- _Supplied entries_:
_ _ _ _ _

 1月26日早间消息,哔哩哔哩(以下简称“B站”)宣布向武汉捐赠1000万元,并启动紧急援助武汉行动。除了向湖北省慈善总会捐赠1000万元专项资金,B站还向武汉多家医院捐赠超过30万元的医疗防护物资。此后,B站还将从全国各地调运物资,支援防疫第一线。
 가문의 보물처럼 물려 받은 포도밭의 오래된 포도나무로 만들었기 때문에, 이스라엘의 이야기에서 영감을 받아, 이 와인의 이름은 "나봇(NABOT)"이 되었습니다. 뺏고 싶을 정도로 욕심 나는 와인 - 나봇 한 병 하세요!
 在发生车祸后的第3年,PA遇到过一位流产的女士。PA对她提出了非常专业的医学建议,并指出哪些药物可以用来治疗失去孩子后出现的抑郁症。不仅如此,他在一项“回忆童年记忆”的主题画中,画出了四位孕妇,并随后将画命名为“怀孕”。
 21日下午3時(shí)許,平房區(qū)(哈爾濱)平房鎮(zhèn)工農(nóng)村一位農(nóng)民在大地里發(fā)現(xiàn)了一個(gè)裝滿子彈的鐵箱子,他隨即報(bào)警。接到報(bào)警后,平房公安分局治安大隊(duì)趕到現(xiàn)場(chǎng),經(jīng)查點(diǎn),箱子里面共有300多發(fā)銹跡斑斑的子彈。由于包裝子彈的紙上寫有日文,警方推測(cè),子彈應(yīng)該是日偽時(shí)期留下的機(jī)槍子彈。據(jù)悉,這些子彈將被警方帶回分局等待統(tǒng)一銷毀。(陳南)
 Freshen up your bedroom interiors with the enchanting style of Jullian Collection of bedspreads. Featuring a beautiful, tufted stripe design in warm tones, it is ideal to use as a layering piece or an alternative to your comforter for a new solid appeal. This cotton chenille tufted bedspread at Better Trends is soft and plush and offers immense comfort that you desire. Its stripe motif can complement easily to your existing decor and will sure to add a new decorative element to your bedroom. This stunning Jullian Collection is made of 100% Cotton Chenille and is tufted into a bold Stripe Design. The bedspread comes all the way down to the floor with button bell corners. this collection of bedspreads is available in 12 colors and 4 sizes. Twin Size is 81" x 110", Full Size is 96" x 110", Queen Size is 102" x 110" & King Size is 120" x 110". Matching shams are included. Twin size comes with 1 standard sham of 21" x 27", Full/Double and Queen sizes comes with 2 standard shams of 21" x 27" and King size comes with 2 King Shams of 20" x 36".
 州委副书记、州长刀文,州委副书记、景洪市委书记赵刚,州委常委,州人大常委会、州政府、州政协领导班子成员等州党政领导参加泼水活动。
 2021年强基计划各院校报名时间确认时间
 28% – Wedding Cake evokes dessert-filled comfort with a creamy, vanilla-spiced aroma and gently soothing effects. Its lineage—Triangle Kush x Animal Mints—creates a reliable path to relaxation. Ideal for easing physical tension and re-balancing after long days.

_ _ _ _ _

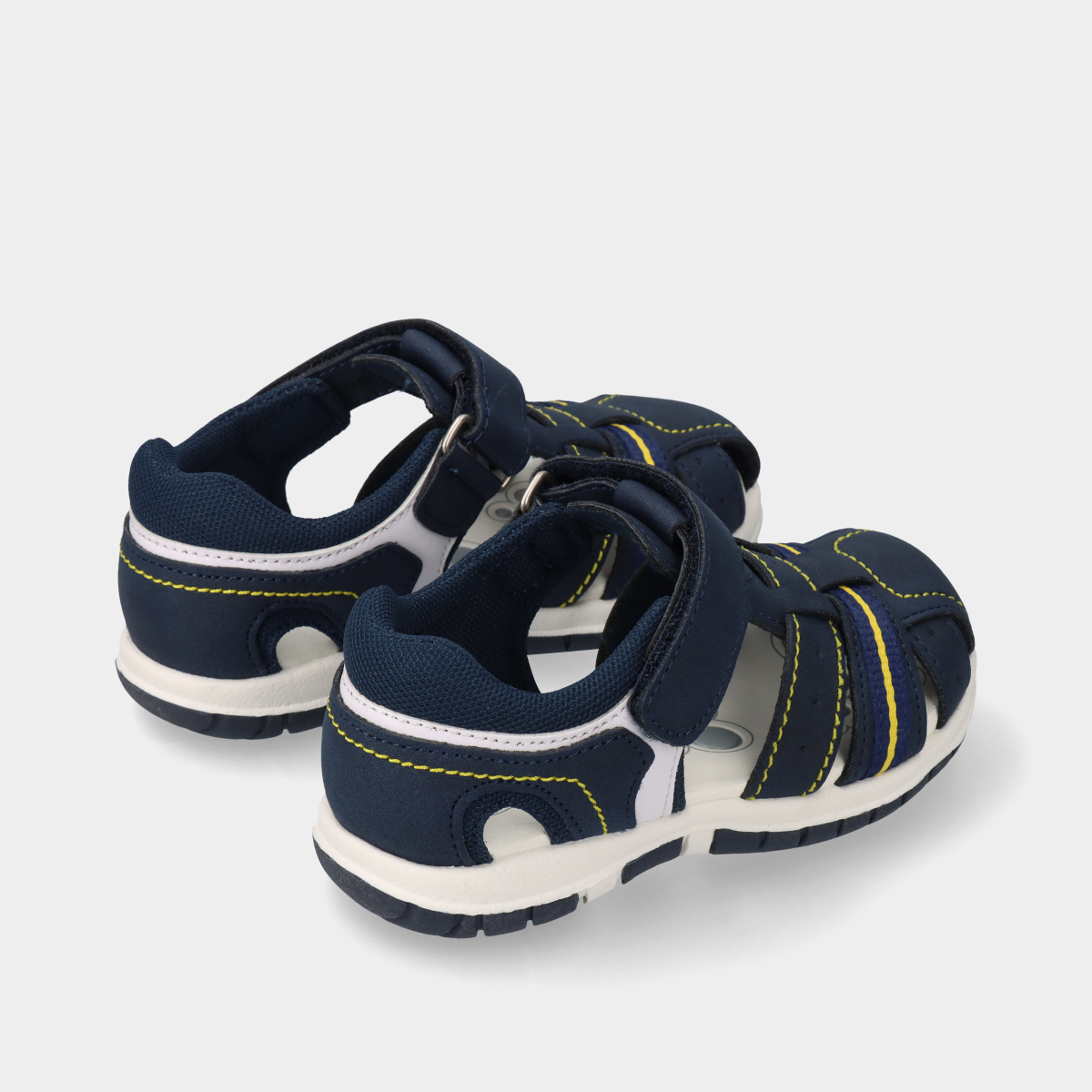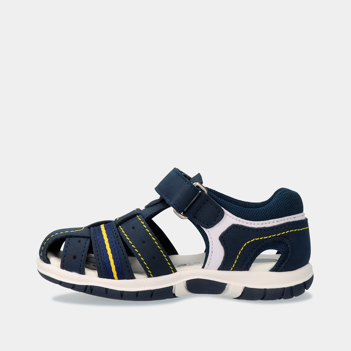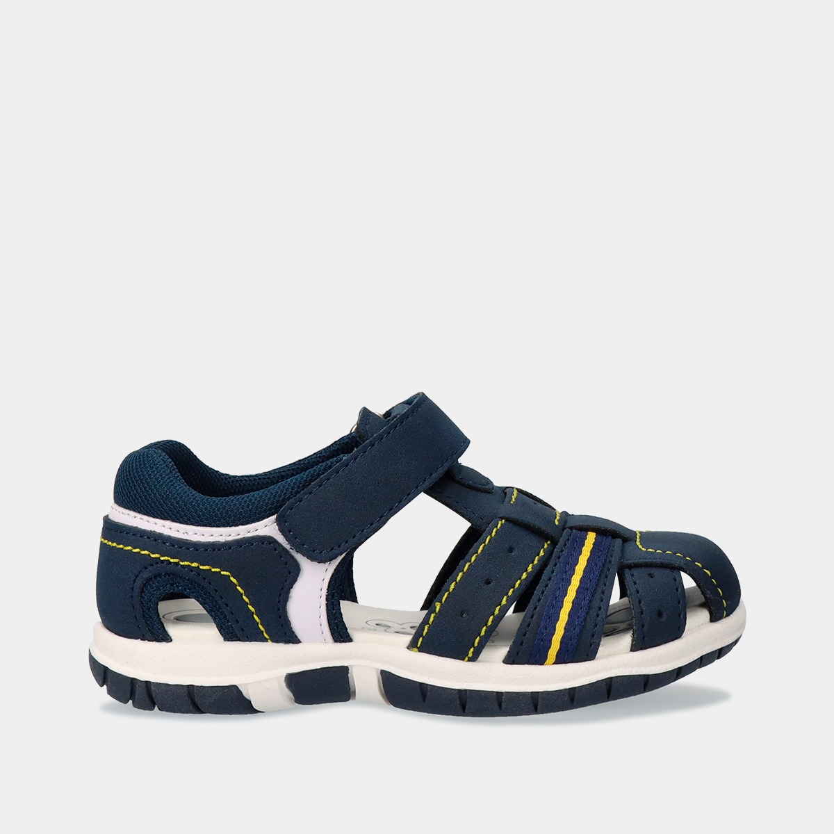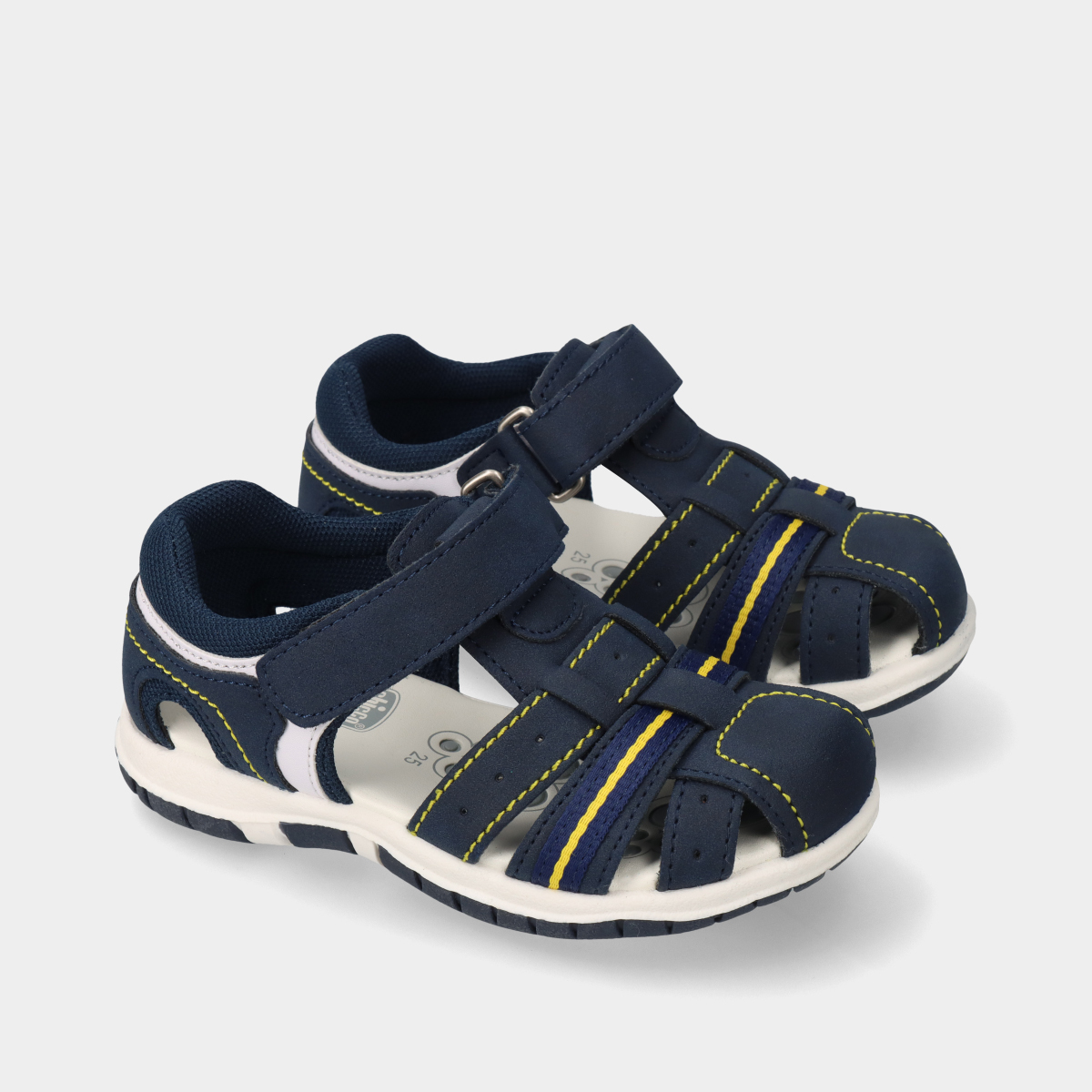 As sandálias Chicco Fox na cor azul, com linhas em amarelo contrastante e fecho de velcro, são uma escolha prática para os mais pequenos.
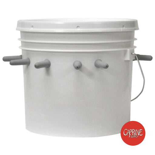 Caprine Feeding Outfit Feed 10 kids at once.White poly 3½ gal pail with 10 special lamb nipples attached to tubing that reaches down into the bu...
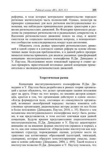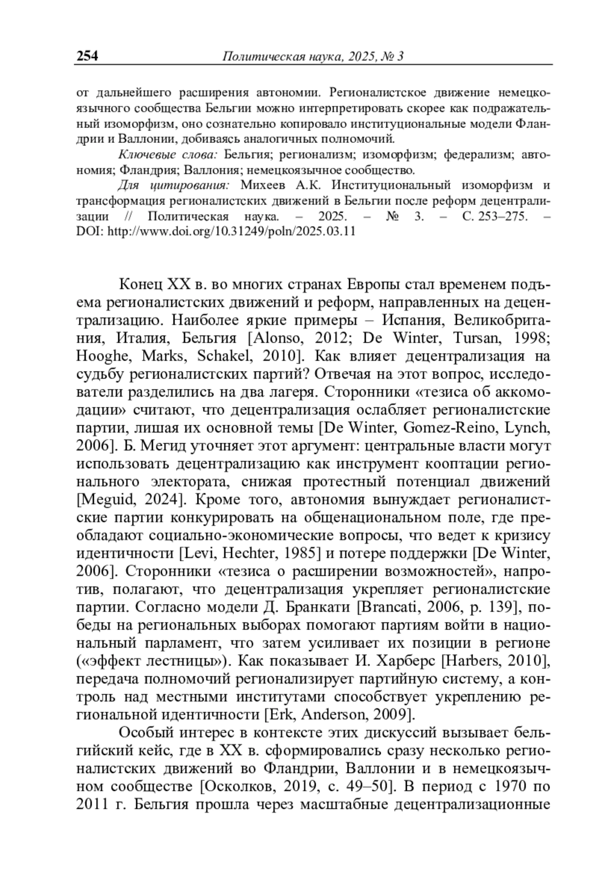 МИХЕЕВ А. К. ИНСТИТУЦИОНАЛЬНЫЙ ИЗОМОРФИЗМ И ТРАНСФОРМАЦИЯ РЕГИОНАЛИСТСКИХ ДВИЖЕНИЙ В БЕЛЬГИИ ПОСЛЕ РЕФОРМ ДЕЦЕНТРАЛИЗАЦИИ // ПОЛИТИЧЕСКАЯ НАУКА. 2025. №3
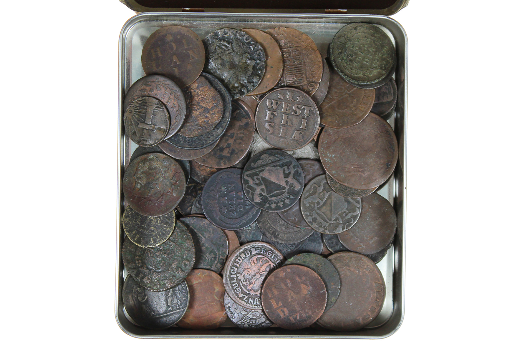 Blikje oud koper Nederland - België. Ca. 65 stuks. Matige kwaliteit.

_ _ _ _ _

- _Task_: Count each line of the listing above in which "comfort" appears, and give that count with nothing added.

- _Written response_: 2